Generally, performance for BOTD is fairly consistent as it doesn’t have any scenes where, for example, there are thousands of particles suddenly spawning into life or loads of animated characters appearing.
To start with, Rob and the demo team found the view that was performing most poorly re: GPU load, here’s a screenshot of it:
What's going on in the scene is pretty much constant; what varies is what’s within the view of the camera. If they could make savings on this scene, they’d ultimately increase performance throughout the entire demo.
The reason why this scene performed poorly is that it's an exterior view of the level looking into the center of it, so the vast majority of assets in the scene are in the camera frustum. This results in a lot of draw calls.
In brief, here is how this scene was rendered:
- With the HDRP
- Most of the artist authored textures are between 1K and 2K sized maps, with a handful at 4K.
- It uses Baked Occlusion and Baked GI for the indirect lighting, and a Single Dynamic Shadow Casting Light source for direct lighting from the sun.
- It issues around a few thousand draw calls at any point (draw calls and compute shader dispatches)
- At start of optimization pass, view was GPU bound on PS4 Pro at around 45 milliseconds.
What the GPU Frame showed before optimization pass
At the start of the optimization pass, Rob and the team looked at the GPU frame step by step, and saw the following performance:
- The Gbuffer was at 11ms (you can find a description of the Gbuffer layouts for HDRP in this post by Unity lead graphics developer Sebastien Lagarde)
- Motion Vectors and Screen Space Ambient Occlusion was pretty fast, at .25 and .6ms respectively
- Shadow maps from the directional shadow casting with dynamic lights came in at a whopping 13.9ms
- Deferred lighting was at 4.9ms
- Atmospheric scattering was at 6.6ms
This is what their GPU frame looked like, from start to finish:
As you can see, they’re at 45 milliseconds and the two vertical orange lines show where they needed to be to hit 30fps and 60fps respectively.
10 ways they optimized rendering for Book of the Dead
Control the batch count
CPU performance was not a big issue for the team because BOTD is a demo, not a game, meaning it didn’t have the complexities of the script code that goes along with all of the systems that are necessary for a full game. Again, the main concern was optimizing the rendering work.
However keeping the batch count low is still a valuable tip for any platform. The team did this by using Occlusion Culling, and, primarily, GPU instancing. Avoid using Dynamic batching on consoles unless you are sure it’s providing a performance win.
In this case, GPU instancing was the most useful method. Without it there would have been 4500 batches for this scene. By using it, they reduced that number to 1832.

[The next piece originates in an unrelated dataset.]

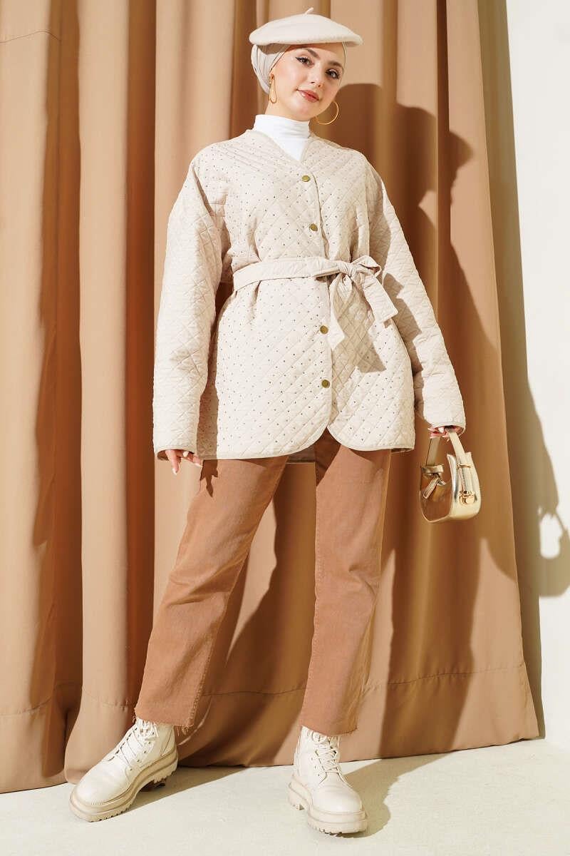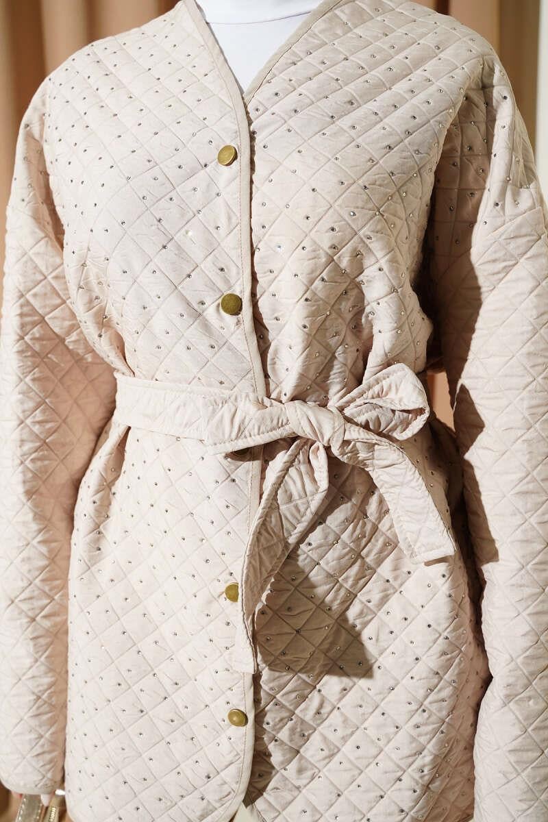 Stone Embellished Quilted Jacket, Beige (0527-4110-713620)
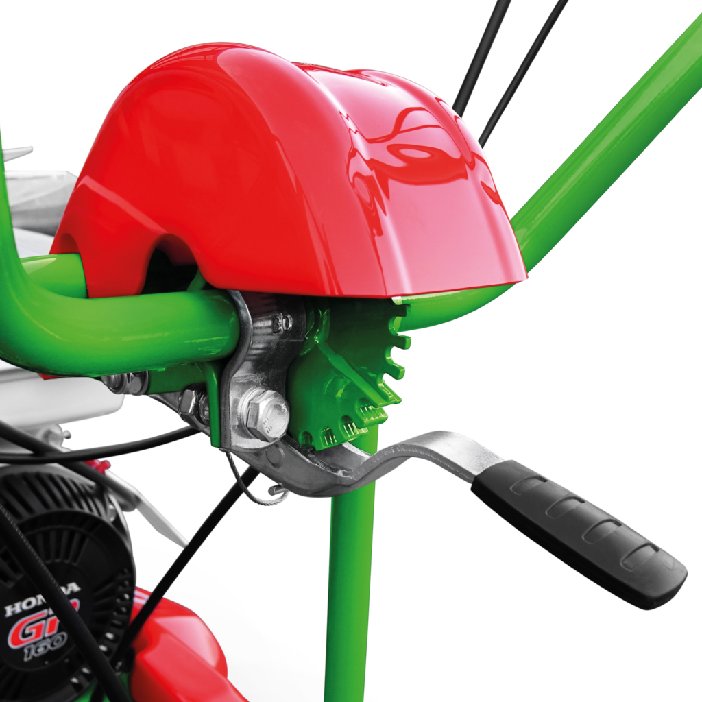 Der modulare Aufbau mit wechselbaren Bürsten, ein stufenlos einstellbarer Anpressdruck und Bürstendrehzahl sorgen für exakte Anpassung an jede Reinigungssituation und kann binnen weniger Minuten werkzeuglos gewechselt werden. Ein ergonomisch geformter Lenkholm, stufenlose Druckregulierung der Bürste und mechanischer Freilauf der Antriebsräder erleichtern Manövrierbarkeit, auch auf engem Raum oder bei Kurvenfahrt.

Another takeaway: The number of individual assets used to create this scene is actually very small. By using good quality assets, and placing them intelligently, the team created complex scenes that don't look repetitive, and kept the batch count low with GPU instancing.
Here's the scene with no instancing.
And here it is with instances:
Use the multiple cores available on consoles
Both Xbox One and PS4 are multi core devices, and in order to get the best CPU performance, we need to try and keep those cores busy all of the time.
If you follow Unity news, you’ll know that Unity is currently developing a high performance multithreaded system, that will make it possible for your game to fully utilise the multicore processors available today and in the future. (Very) briefly, this system comprises three sub-systems: the Entity Component System, the C# Job System and the Burst Compiler.
The new multithreaded system is still in early experimental mode. In Unity’s graphics system, you can try it out via the Graphics Jobs mode (again, in experimental mode). You can find the Graphics Jobs controls under Player Settings -> Other Settings.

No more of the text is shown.